TASK OBJECTIVE:
Locate the string "おはなし倶楽部よむよむ" in the listing below. Copy every line where it is found.

DATASET CONTENT: Begin

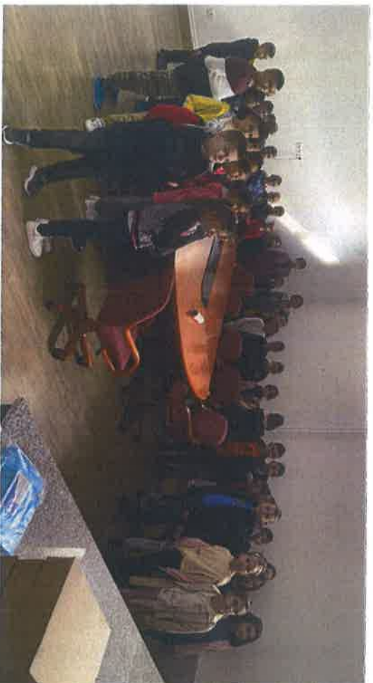
Učenci OŠ "Porfalići" posjetili Fine Food
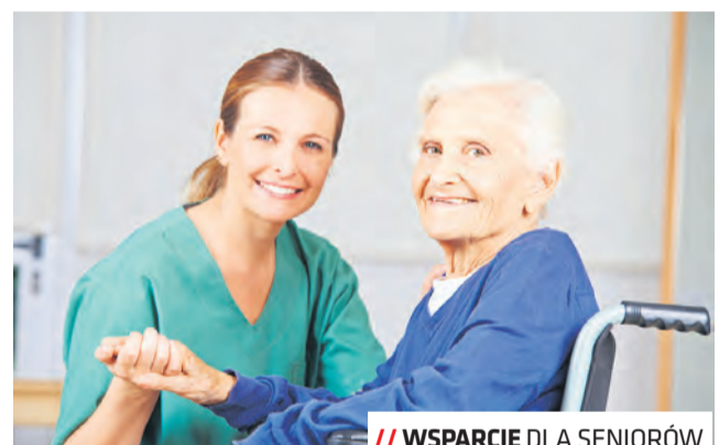
// WSPARCIE DLA SENIORÓW

W 2019 roku spółka Interbud wystąpiła do miasta w trybie tzw. ustawy lex developer o zgodę na zabudowę części działek przy ul. Relaksowej. Radni nie wyrazili na to zgody, wskazując na potrzebę ochrony tego terenu i zachowanie enklawy zieleni. Spółka zaproponowała więc zamianę działek. Ostatecznie otrzymała w zamian działki przy ulicach Józefa Franczaka „Lalka” i gen. Witolda Urbanowicza w Lublinie.
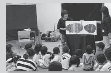
大型絵本をよむ「おはなし倶楽部よむよむ」のおはなしを熱心に聞く子どもたち

6月7日（土）、知遊館で、与謝野町で読み聞かせ活動を行っているボランティアグループ（加悦読み聞かせ会、カナリア会、おはなし倶楽部よむよむ、マザーグースの会、：プログラム順）が集まって、読み聞かせやペーパーサート、エプロンシアターなど日頃の活動を披露していただきました。参加者は48人で、各グループの持ち味を生かしたおはなしの世界を楽しみました。
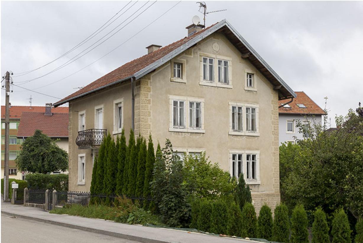
Vue d'ensemble, depuis le sud (façades antérieure et latérale droite). 25, Charquemont, 2 rue Pasteur
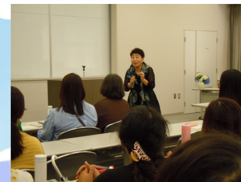
人気講師による子育て講座
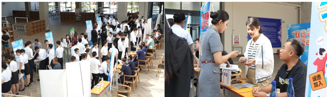
图3-2：学校举办的“双选会”

合自身专业与兴趣，精准定位职业方向，提前体验求职过程，锻炼沟通与应变能力，积累宝贵的职场经验，为日后正式步入社会做好充分准备。对学校来讲，双选会的成功举办彰显了学校的办学实力与社会影响力，加强了学校与企业间的深度合作，有助于学校依据企业需求优化专业设置与课程体系，使教学更贴合实际就业市场，从而提升学校的教育质量与就业指导水平，形成学校、学生、企业三方共赢的良好局面，为学校长远发展注入强劲动力，也为社会培养出更多适应时代需求的专业人才，促进教育与经济产业的协同发展。
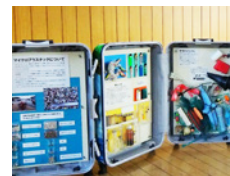
漂着物のトランク・ミュージアム® 対馬版 (対馬 CAPPA 協力)
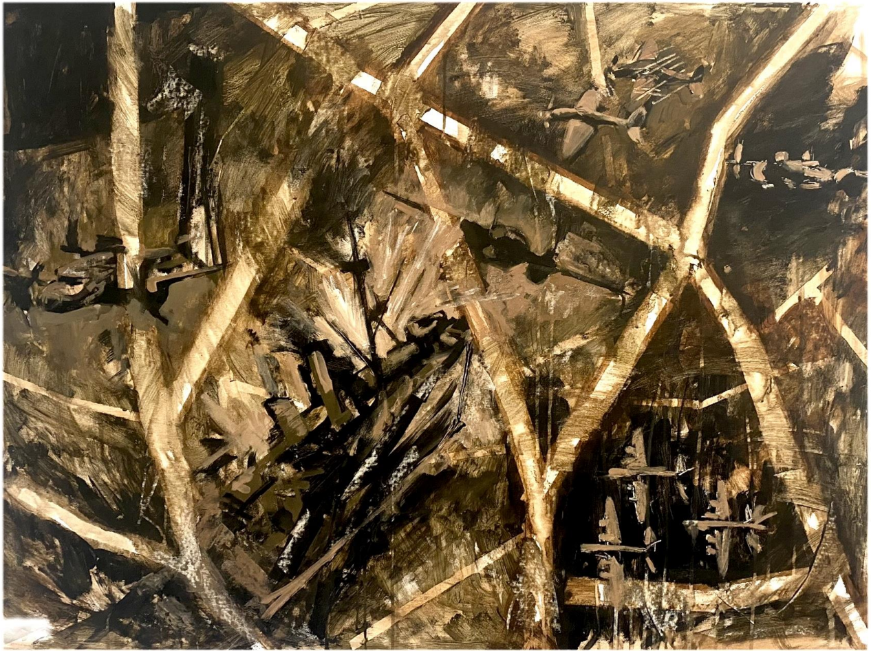
Slika 6. Bez Naziva 2023. 130x100cm, akril na platnu
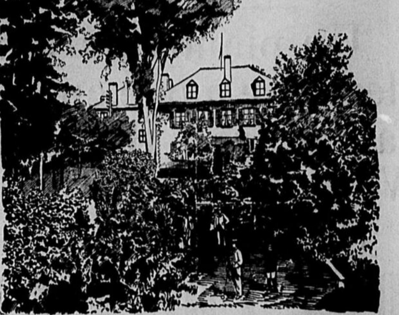
LE PLUS COMPLET DANS LA PUISSANCE DU CANADA

Et il y a cet immense avantage des premiers sur les derniers, c'est qu'ils coûteront infiniment moins cher. Au lieu du subsidé statuaire de $3,200 par mille, accordé aux chemins de fer, un simple subsidé, disons de $1,000 par mille, suffirait à l'établissement d'excellentes voies carrossables.

DATASET CONTENT: End

TASK OUTPUT:
大型絵本をよむ「おはなし倶楽部よむよむ」のおはなしを熱心に聞く子どもたち
6月7日（土）、知遊館で、与謝野町で読み聞かせ活動を行っているボランティアグループ（加悦読み聞かせ会、カナリア会、おはなし倶楽部よむよむ、マザーグースの会、：プログラム順）が集まって、読み聞かせやペーパーサート、エプロンシアターなど日頃の活動を披露していただきました。参加者は48人で、各グループの持ち味を生かしたおはなしの世界を楽しみました。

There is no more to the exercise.